**THE DATA:**
::::::::
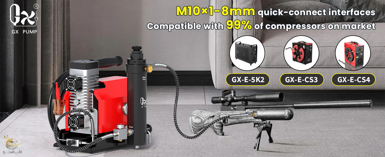 برای سازگاری بالا، فیلتر جی ایکس با رزوهی M10×1 و اتصال سریع 8 میلیمتر طراحی شده است، طوری که تقریباً با همهی کمپرسورهای PCP موجود بازار (بالغ بر 99٪ آنها) سازگار است و معمولا نیازی به آداپتور اضافی ندارد.
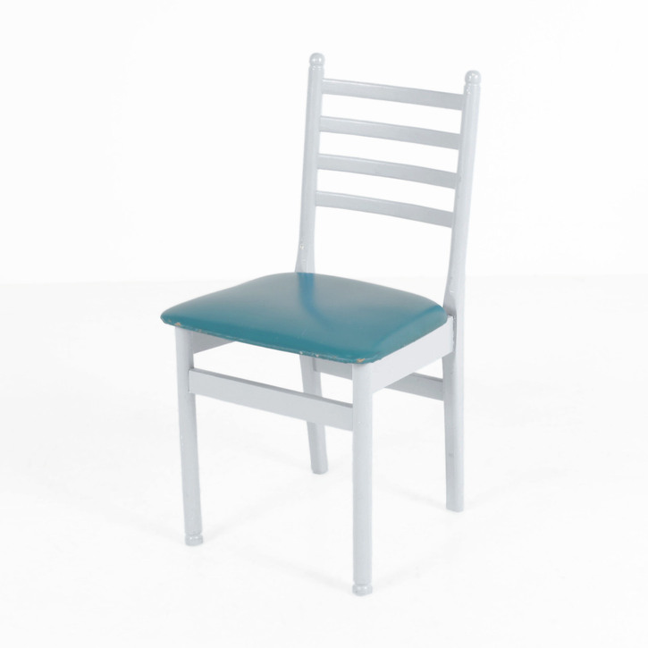 White Ladderback/Blue Vinyl Seat Occasional Kitchen Chair
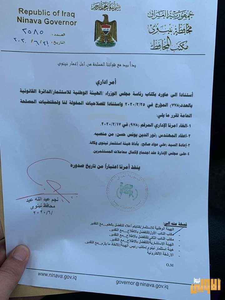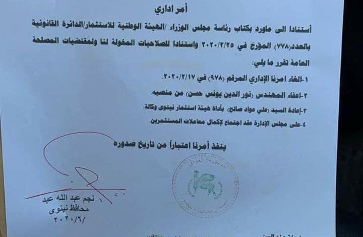 الرئيسية/المحلية/بالوثيقة.. محافظ نينوى يعفي رئيس هيئة الاستثمار في المحافظة المحلية بالوثيقة.. محافظ نينوى يعفي رئيس هيئة الاستثمار في المحافظة Manager Awla2020-06-22 أقل من دقيقة فيسبوك X واتساب تيلقرام مشاركة عبر البريد Manager Awla2020-06-22 أقل من دقيقة فيسبوك X واتساب تيلقرام مشاركة عبر البريد
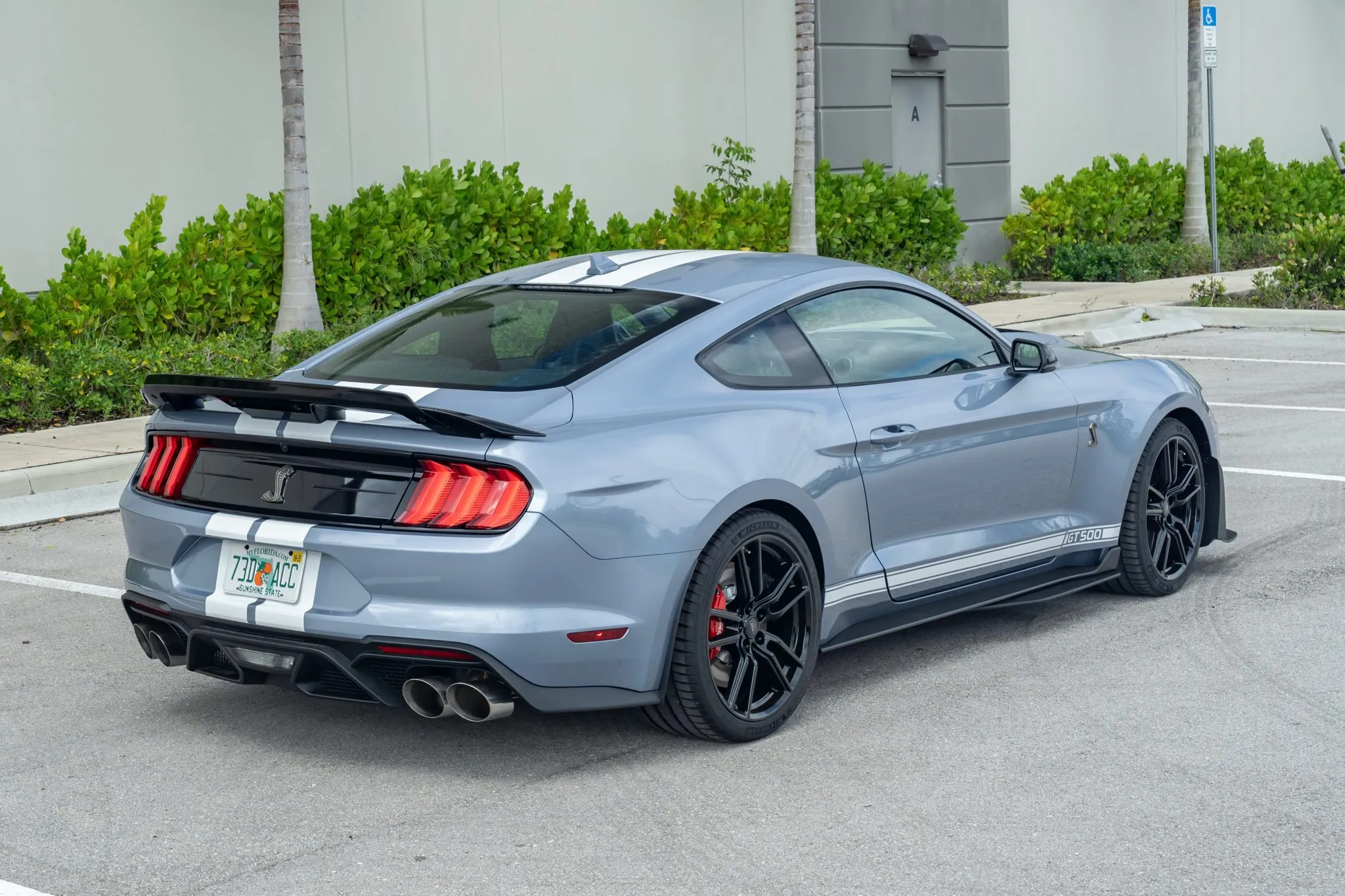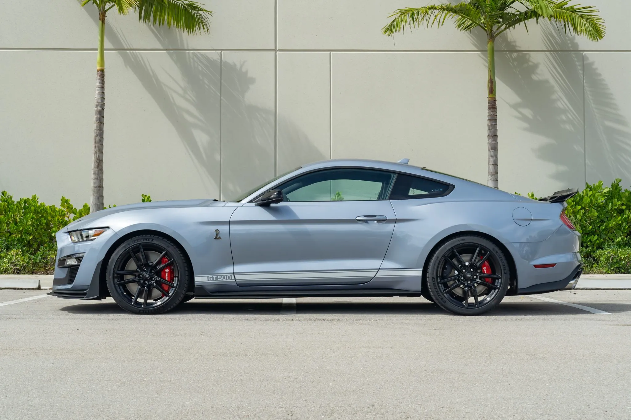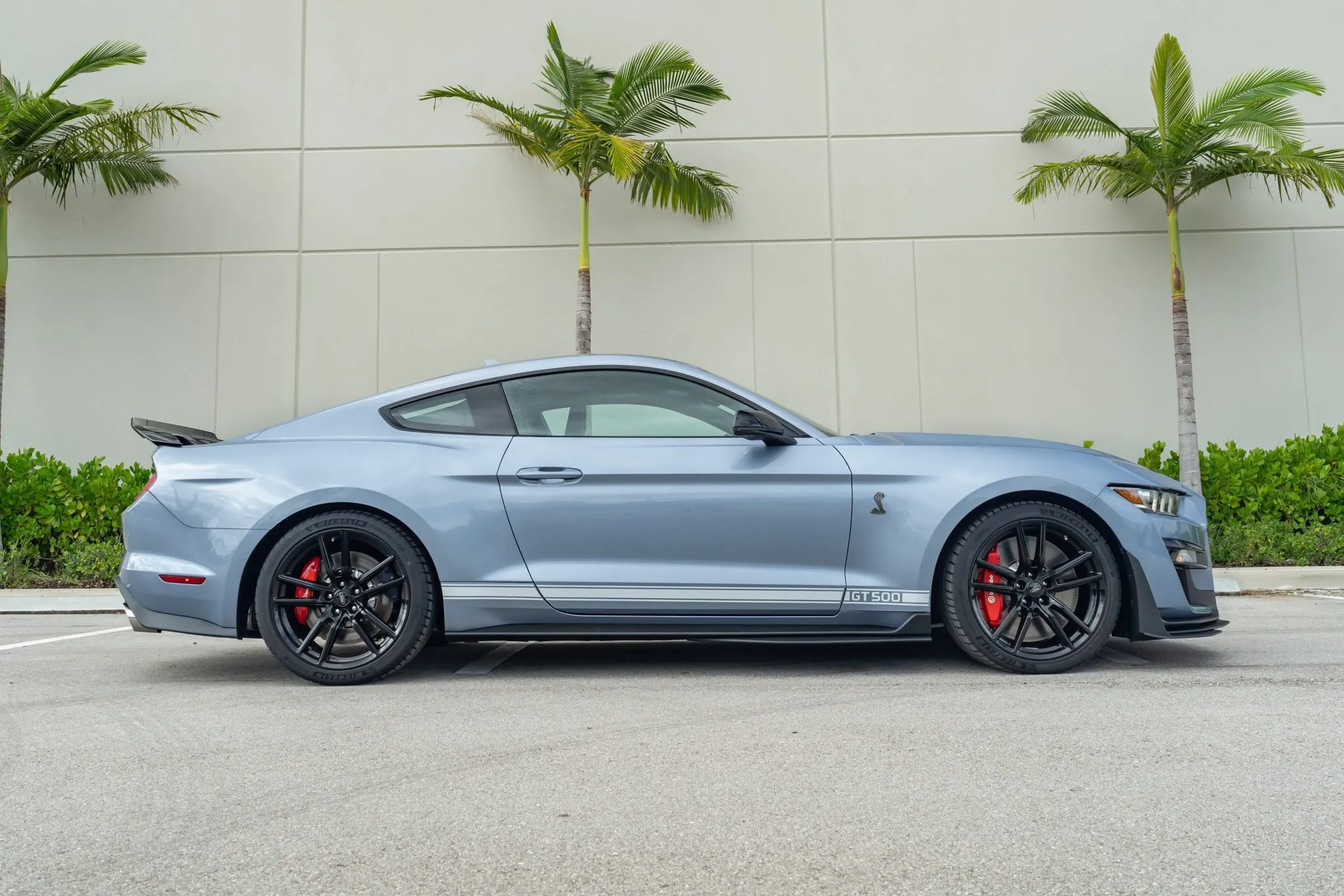All Heritage Edition GT500s were painted in Brittany Blue—a color popular in 1967—and this one features Wimbledon White vinyl stripes running along the sides and over the top. This collector-grade car also comes with the Technology package, which enhances the Ebony interior with Recaro leather-trimmed seats, a premium Bang and Olufsen 12-speaker sound system, a voice-activated touchscreen, navigation, and blind spot/cross-traffic alert systems.
::::::::
Begin at the first line of the data above and repeat each line exactly, stopping after the line containing "الرئيسية/المحلية/بالوثيقة.. محافظ نينوى". Omit the pictures.

**SOLUTION FOR THIS TASK:**
 برای سازگاری بالا، فیلتر جی ایکس با رزوهی M10×1 و اتصال سریع 8 میلیمتر طراحی شده است، طوری که تقریباً با همهی کمپرسورهای PCP موجود بازار (بالغ بر 99٪ آنها) سازگار است و معمولا نیازی به آداپتور اضافی ندارد.
 White Ladderback/Blue Vinyl Seat Occasional Kitchen Chair
 الرئيسية/المحلية/بالوثيقة.. محافظ نينوى يعفي رئيس هيئة الاستثمار في المحافظة المحلية بالوثيقة.. محافظ نينوى يعفي رئيس هيئة الاستثمار في المحافظة Manager Awla2020-06-22 أقل من دقيقة فيسبوك X واتساب تيلقرام مشاركة عبر البريد Manager Awla2020-06-22 أقل من دقيقة فيسبوك X واتساب تيلقرام مشاركة عبر البريد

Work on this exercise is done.